When we were few, such problems didn’t concern us. We belong to this planet as surely as any of the other animals, and in the early days of life on the planet our effect on the environment was negligible. Caught in our contemporaneous runaway train of culture, bearing down an increasingly rickety track and fearing an imminent smash, we often forget how ponderous and slow the development of our modern systems have been. Only recently has societal change been visible to the naked eye, and even so, elements of that change seem almost glacial. Our technological achievements, which we point to as representing the pinnacle of western culture, are relatively stable. The car has changed little from its inception a hundred years ago, and housing has survived almost unmodified for a thousand years.

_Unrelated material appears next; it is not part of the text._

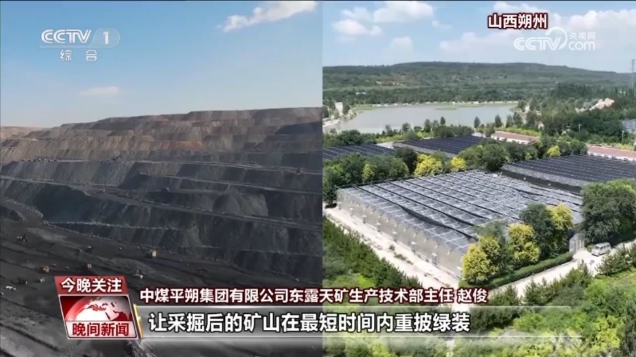 盛夏時節(jié),走進山西平朔礦區(qū),通過把復墾土地與光伏發(fā)電結(jié)合起來,“架上發(fā)電、架下牧草”的生態(tài)美景重現(xiàn)。萬畝林地、草地與藍色“光伏海洋”交相輝映。

For a less biased view, we must cast our vision back a million generations, back into the dim world of our pre-ancestors, where incremental change was not measured in years, or even lifetimes, but rather crawled with the pace of epochs.



[1] “‘Ukrainian and Belarussian researchers have recorded hundreds of plant and animal species in the zone, including more than 60 [rare] species,’ says Beresford. Sergiy Zibtsev, a forestry expert at the National University of Life and Environmental Sciences of Ukraine, says it’s ironic that it’s taken a nuclear accident to create a richer forest ecosystem in the CEZ. ‘The pine plantations that were there in 1986 have given way to more biodiverse primary forests, which are more resilient to climate change and wildfires and better able to sequester carbon,’ he says” (“How Chernobyl has become …”).

[2][2] See Beresford et al’s “Field effects studies in the Chernobyl Exclusion Zone: Lessons to be learnt.”

[3] “The behavioral impact of tree cover is more difficult to quantify than the physical impact. Nevertheless, data exists to show that views of greenery impact individual well-being and public health (Comas et al. 2010). For example, views of trees have been shown to improve health outcomes (Ulrich 1984), street trees improve the shopping experience (Wolf 2004), landscaping around public housing projects reduces negative social behavior (Kuo and Sullivan 2001a), and the presence of trees on residential streets has a negative correlation with crime rate (Donovan and Prestemon 2010)” (Townsend and Ilvento, et al. 146).

[4] “The case of nature and the environment offers a fertile ground for commodification studies, because species, landscapes, ecosystems, climate balances and so on are all entities which can potentially be commodified, either for pure business reasons (e.g. trade of wild species) or for apparently noble causes (e.g. market-based instruments for conservation goals)” (Smessaert, Missemer, and Levrel 172).

[5][5] “We have used the term ‘invisible losses’ to describe indirect and cumulative losses that have not been adequately acknowledged, recognized, or addressed in the past. We stressed the need to recognize and accommodate invisible losses, past and present, alongside the more easily measured, observed, and understood impacts of development and discussed some aspects of recognizing and characterizing invisible losses. (Turner et al).